▸ TASK GOAL:
Find "Основания – это" in the entries below; copy that line through the last, exactly, with no pictures.

▸ INPUT DATA:
....

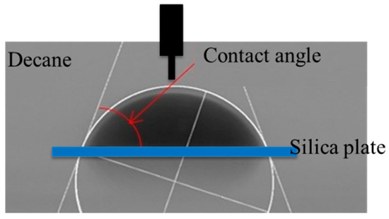 Experimental setup for contact angle measurement on silica surface submerged in decane.
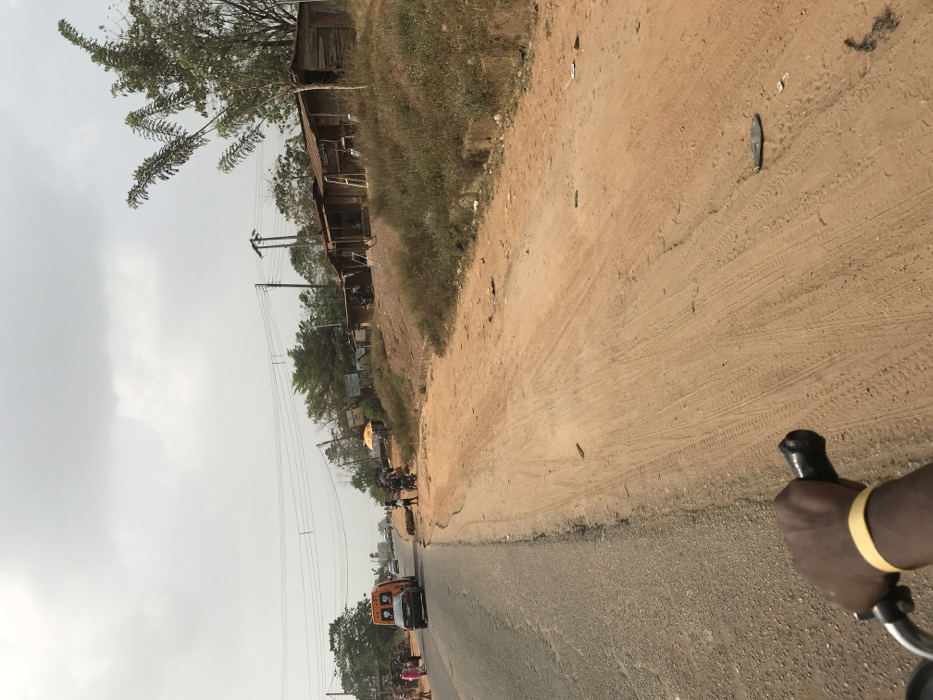 - "The image presents a roadside scene in Oba-Ile, Nigeria, viewed from the perspective of an individual operating a bicycle or motorcycle, evidenced by a dark-skinned hand with a yellow wristband gripping a handlebar in the lower-left foreground" by FM-eGIJq1, licensed under CC BY 4.0
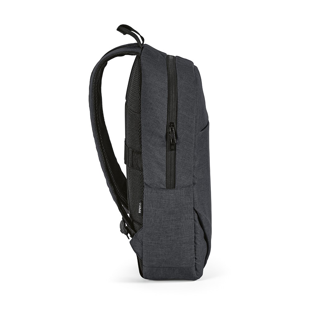 Efficiëntie ontmoet duurzaamheid in onze 300 D rPET rugzak. Het zijvak en voorvak met rits voegen functionaliteit toe. Met een versterkt handvat aan de bovenkant is de rugzak ontworpen voor eenvoudige mobiliteit in de stad, met behoud van duurzaamheid.
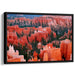 Introducing "Whispering Wind Songs: Nature's Sculpted Wonders," a mesmerizing landscape canvas art piece that transports viewers to the awe-inspiring beauty of Bryce Canyon, renowned for its iconic hoodoos and unique geological formations. This captivating artwork skillfully captures the vibrant red and orange hues of the towering rock structures that stand in stark contrast against the lush greenery of scattered pine trees.
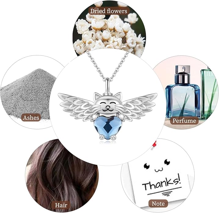 - ❤Keepsake Ashes Jewelry Pendant Size❤– Smilling cat angel cremation necklaces size: 34mm / 1.33 inch; crystal size: 9mm x 10mm(0.35'' x 0.39''); chain length: 18''+2'' extension rolo chain, the length of the necklace can be adjusted freely. Small Capacity.
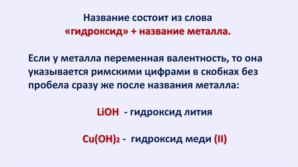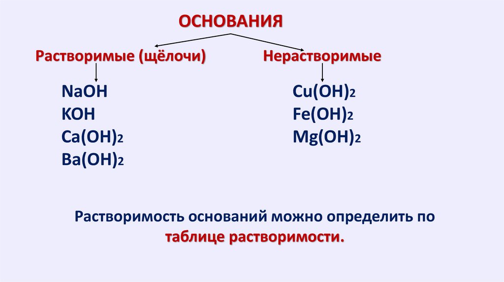 Основания – это сложные вещества, состоящие изатомов металла и одной или нескольких гидроксогрупп –
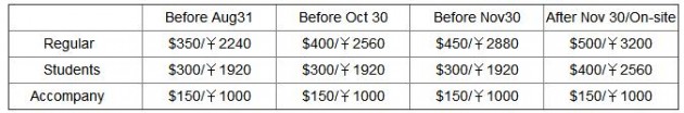 *Accompany person fee includes welcome reception, banquet,lunches and dinner.
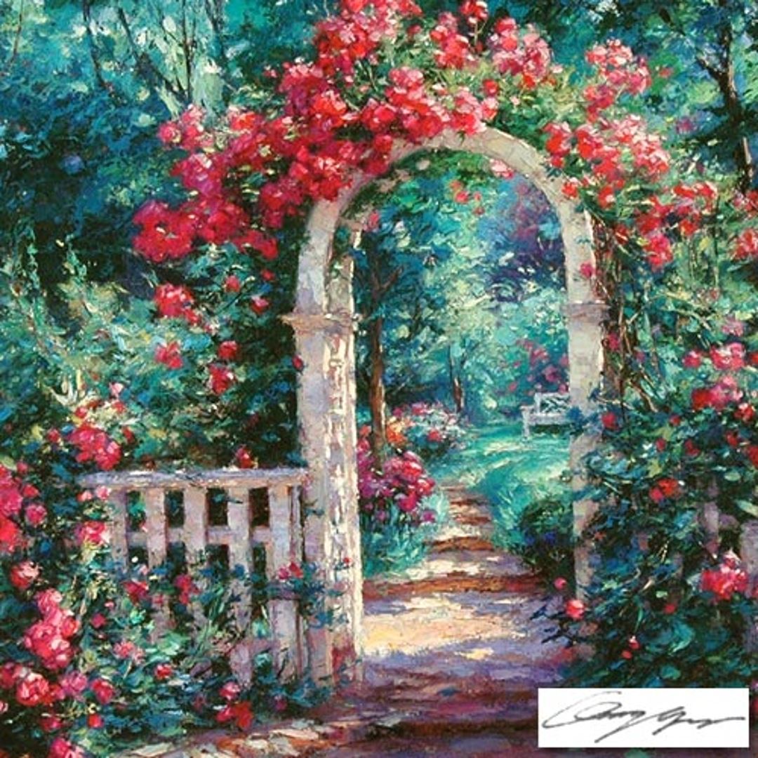 Garden Arch is a Limited Edition Giclee on Canvas by Cao Yong. Numbered and Hand Signed with Artist Certificate of Authenticity! Measures appx. 24 x 18 (image).

....

▸ EXERCISE RESULT:
 Основания – это сложные вещества, состоящие изатомов металла и одной или нескольких гидроксогрупп –
 *Accompany person fee includes welcome reception, banquet,lunches and dinner.
 Garden Arch is a Limited Edition Giclee on Canvas by Cao Yong. Numbered and Hand Signed with Artist Certificate of Authenticity! Measures appx. 24 x 18 (image).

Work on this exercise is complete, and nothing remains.